__Problem__: The task for the listing below is to write out exactly the lines starting at the one containing "- Foto is een" and ending at the one containing "Le poêle à bois", both included. Pictures are to be omitted.

↓↓↓

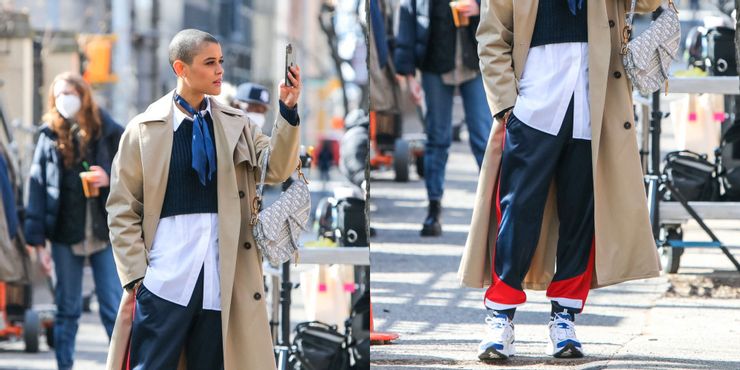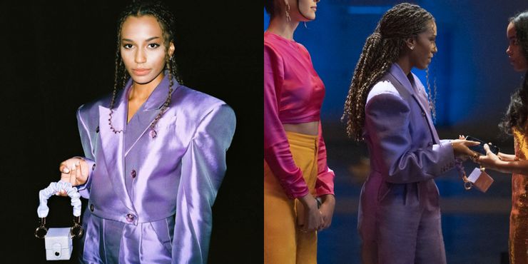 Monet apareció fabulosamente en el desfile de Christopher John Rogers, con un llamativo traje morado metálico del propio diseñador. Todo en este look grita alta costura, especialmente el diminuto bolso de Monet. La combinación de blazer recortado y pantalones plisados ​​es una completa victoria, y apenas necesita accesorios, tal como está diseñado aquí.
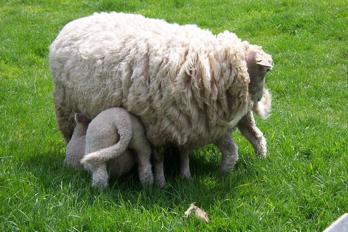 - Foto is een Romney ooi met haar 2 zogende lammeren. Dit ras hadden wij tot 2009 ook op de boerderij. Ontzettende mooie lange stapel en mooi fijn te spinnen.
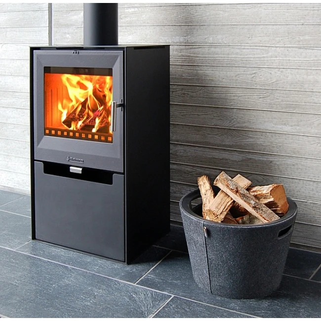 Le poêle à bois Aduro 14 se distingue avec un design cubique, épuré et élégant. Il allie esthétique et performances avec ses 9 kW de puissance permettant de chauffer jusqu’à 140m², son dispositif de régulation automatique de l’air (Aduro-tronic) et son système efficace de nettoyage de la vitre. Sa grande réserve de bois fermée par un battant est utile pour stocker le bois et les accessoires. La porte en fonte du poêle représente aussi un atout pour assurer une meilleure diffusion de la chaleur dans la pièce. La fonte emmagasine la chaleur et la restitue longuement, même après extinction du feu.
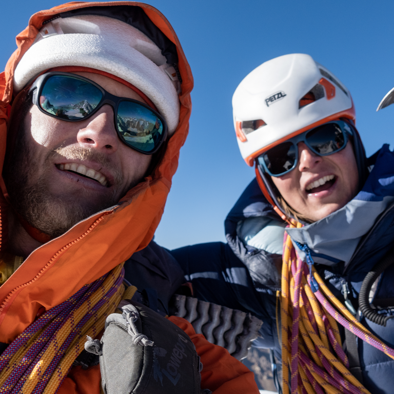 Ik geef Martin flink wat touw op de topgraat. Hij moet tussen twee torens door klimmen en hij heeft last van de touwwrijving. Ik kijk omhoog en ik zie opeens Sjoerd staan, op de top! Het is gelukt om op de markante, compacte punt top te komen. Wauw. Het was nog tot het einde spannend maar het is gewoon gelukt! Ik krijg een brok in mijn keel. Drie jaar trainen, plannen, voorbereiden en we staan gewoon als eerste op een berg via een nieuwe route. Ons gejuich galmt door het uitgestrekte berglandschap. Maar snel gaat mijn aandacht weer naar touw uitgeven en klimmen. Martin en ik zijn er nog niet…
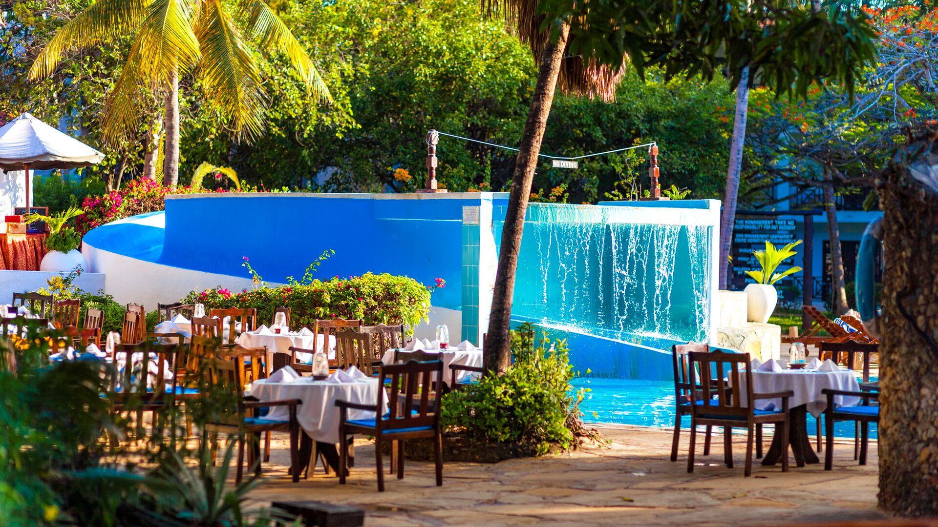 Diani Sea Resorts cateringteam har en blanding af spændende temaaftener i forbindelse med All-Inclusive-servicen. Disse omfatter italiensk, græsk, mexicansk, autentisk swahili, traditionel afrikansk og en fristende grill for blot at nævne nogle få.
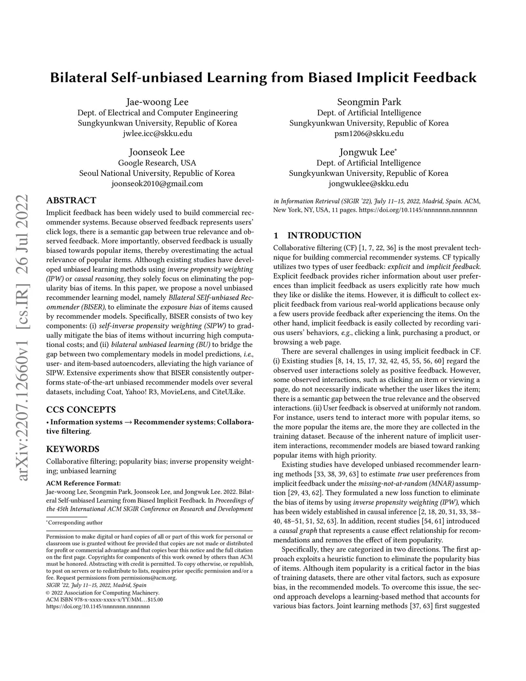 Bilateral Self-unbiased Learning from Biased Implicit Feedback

↑↑↑

__Finished exercise__:
 - Foto is een Romney ooi met haar 2 zogende lammeren. Dit ras hadden wij tot 2009 ook op de boerderij. Ontzettende mooie lange stapel en mooi fijn te spinnen.
 Le poêle à bois Aduro 14 se distingue avec un design cubique, épuré et élégant. Il allie esthétique et performances avec ses 9 kW de puissance permettant de chauffer jusqu’à 140m², son dispositif de régulation automatique de l’air (Aduro-tronic) et son système efficace de nettoyage de la vitre. Sa grande réserve de bois fermée par un battant est utile pour stocker le bois et les accessoires. La porte en fonte du poêle représente aussi un atout pour assurer une meilleure diffusion de la chaleur dans la pièce. La fonte emmagasine la chaleur et la restitue longuement, même après extinction du feu.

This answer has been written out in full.